Respon Aji dengan datar sebab masih merasa kesal sambil berdiri di balkon kamar nya menatap gemerlap kota.


" Apakah kamu masih marah kepada ku, Sayang ...."


Tanya Alvida sambil jari-jemari nya meraba dada Aji yang bidang.


" Aku tidak marah kepada mu hanya saja aku sedang berfikir sampai kapan kamu seperti itu kepada suami mu sendiri dan kapan kamu bisa mempercayai aku?"


Tanya Aji sambil menghentikan tangan Alvida dan melepaskan pelukan Alvida dari tubuh nya.


" Aku percaya kepada mu tapi bila hal itu terjadi kepada ku apakah kamu tidak bersikap seperti itu juga atau memang kamu sudah tidak mencintai aku lagi!"


Jawab Alvida dengan nada sedikit tinggi dan mata terbelalak melihat respon Aji malam ini.


" Aku akan merespon sama namun aku akan lebih dahulu menanyakan kepada mu siapa lelaki yang bersikap demikian sebelum aku bertindak yang konyol seperti yang kamu lakukan!"


Ucap Aji dengan nada yang tidak kalah tinggi nya sambil mengacungkan jemari nya ke arah Alvida yang berdiri di balkon.


" Mana mungkin kamu seperti itu kepada ku, Sedangkan masalah kamu bermimpi melihat aku di bonceng lelaki lain saja, Yang kamu lakukan sampai membakar baju yang ku gunakan dalam mimpi mu,"


Jawab Alvida dengan tatapan sinis kepada Aji yang sedang kesal malam itu.


Saat mendengar hal itu Aji hanya mampu menahan dan meredam amarah nya sendiri dengan cara keluar dari kamar nya sambil membanting pintu kamar cukup kuat bahkan hingga Alvida terkejut dengan sikap Aji malam ini yang terkesan membela Sonya yang hanya sekedar keponakan klien nya dan saat itu juga over thinking Alvida semakin parah kepada Aji dan Sonya.


Mengapa suami ku kesan nya lebih membela wanita itu, Ada apa sebenar nya apakah benar di belakang ku mereka berdua bermain gila sehingga suami ku sangat membela wanita itu atau kah ada alasan lain sehingga suami ku bersikap demikian pada ku malam ini.

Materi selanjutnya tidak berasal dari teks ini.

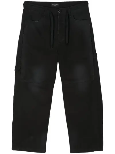 black cotton ripstop texture drawstring waist belt loops classic five pockets side cargo pocket side slit pocket rear keeper loop cropped raw-cut hem concealed fly and button fastening When buying this unisex item, keep in mind that it is graded in standard men's sizing.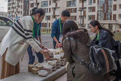聽了介紹,更加渴望見到我們的大廚啦。劉芳總監(jiān)為我們提供了一個(gè)便利,讓我們趁大廚送飯的時(shí)候近距離接觸大廚。隨后我們來到世博村內(nèi)的送餐地點(diǎn),有幸看到兩位大廚正在給志愿者們分發(fā)盒飯。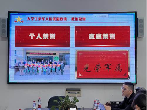 会上,征兵专干颜聪玲从大学生参军入伍优惠政策、大学生参军入伍流程、大学生参军入伍后部队发展前景、大学生参军入伍信息来源渠道等四个方面进行了全面的解读。勉励同学们趁年华正好,参军入伍报效祖国。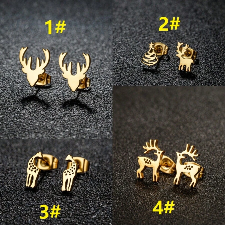 1 Pair Fashion Stainless Steel Golden Deer Head Antlers Stud Earring Charm Animal Earrings For Women Femme Simple Fine Jewelry DIY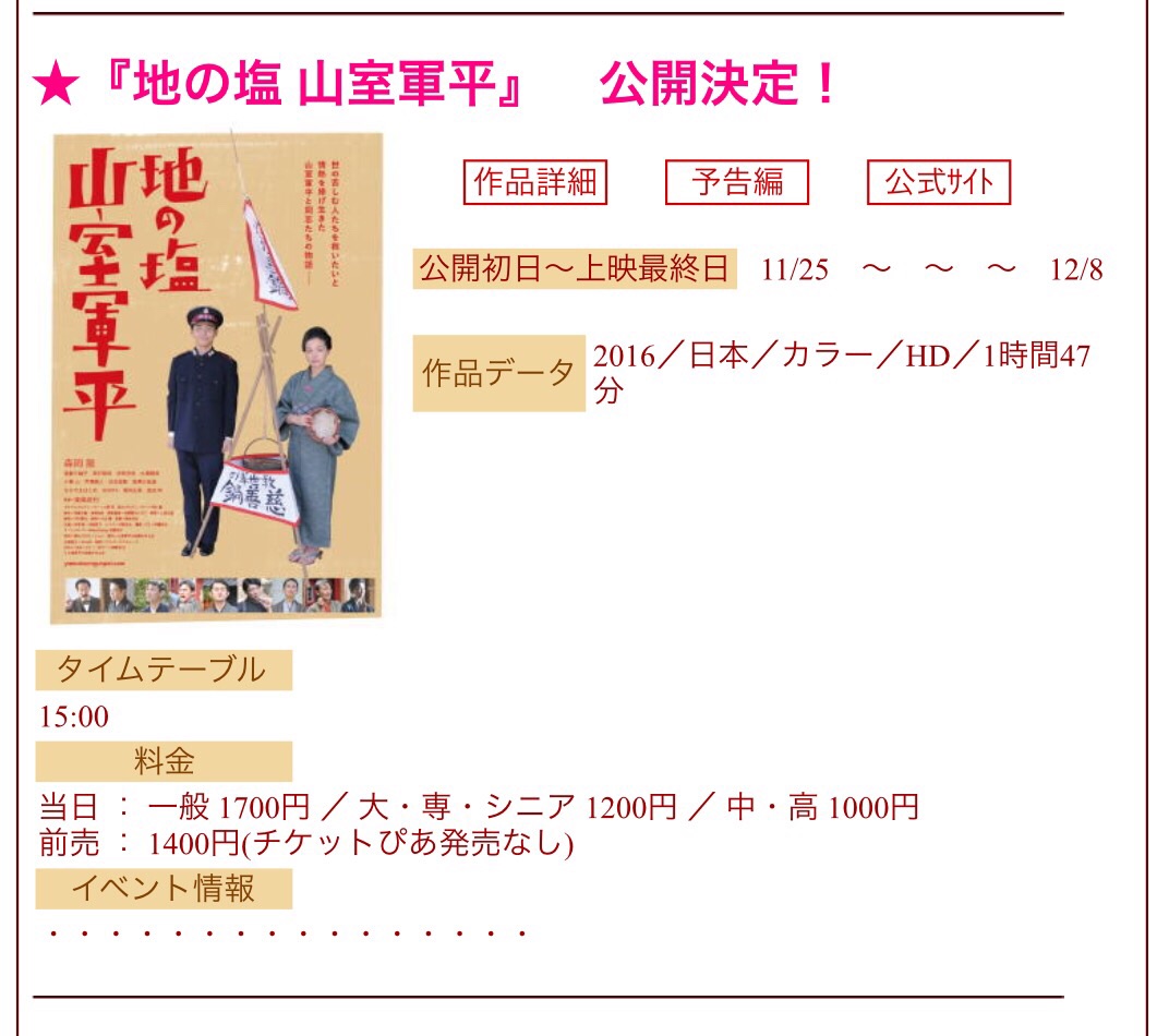 まさかの東中野!映画「地の塩 山室軍平」 2017/11月/13 [月]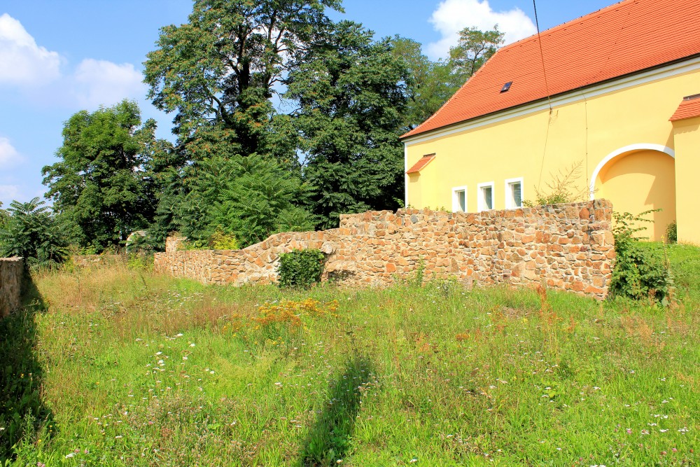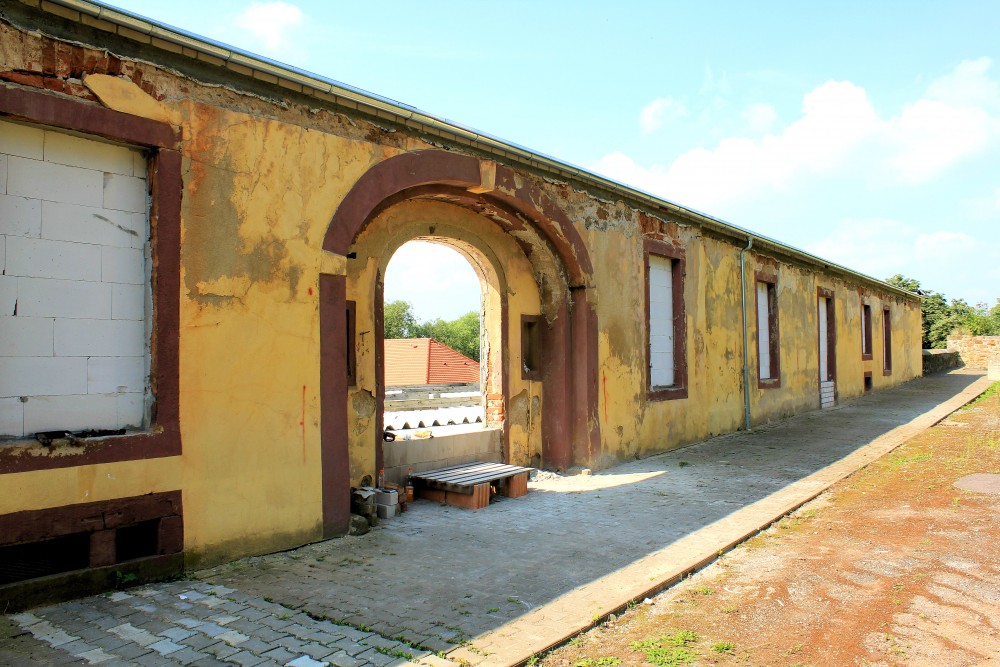 - einst große, geschlossene Gutsanlage auf rechteckigem Grundriss mit einst freistehendem Schloss.

Bergumam lah dalam hati Alvida sambil duduk di depan meja rias nya sambil membersihkan wajah nya, Di saat Alvida sedang berfikir tiba-tiba ponsel Aji berbunyi ada pesan singkat masuk dan Alvida pun cukup penasaran siapa yang mengirim pesan singkat ke ponsel milik suami nya malam-malam, Lalu segera lah Alvida mengambil ponsel Aji dan membuka nya untuk melihat siapa yang mengirim pesan singkat tersebut.


" Mr Aji Dhev Ghan ... Saya hanya menyampaikan pesan dari klien bahwa besok mereka mengadakan pertemuan pukul 7 pagi, Selamat malam dan maaf mengganggu."


Tulis pesan singkat dari Anita Kapoor sekretaris di kantor di mana Aji Dhev Ghan bekerja.


Setelah membaca pesan singkat itu segeralah Alvida meletak kan ponsel milik Aji sebab mendengar suara Aji yang semakin mendekat ke kamar sedang menerima telepon dari seseorang menggunakan telepon rumah dan setelah itu Aji pun mengambil ponsel nya sambil masih melanjut kan perbincangan nya di telepon rumah dan berjalan ke balkon.


Anita Kapoor ... Siapa lagi wanita itu mengapa menghubungi suami ku semalam ini bila hanya masalah berjumpa dengan klien apakah tidak ada hari esok atau kah itu hanya sebuah kata kode bagi mereka berdua namun di balik kata-kata itu mereka membuat sebuah janji, Aku harus membuktikan kebenaran nya besok pagi dan bila benar apa yang aku pikir kan maka selamat tinggal Aji Dhev Ghan.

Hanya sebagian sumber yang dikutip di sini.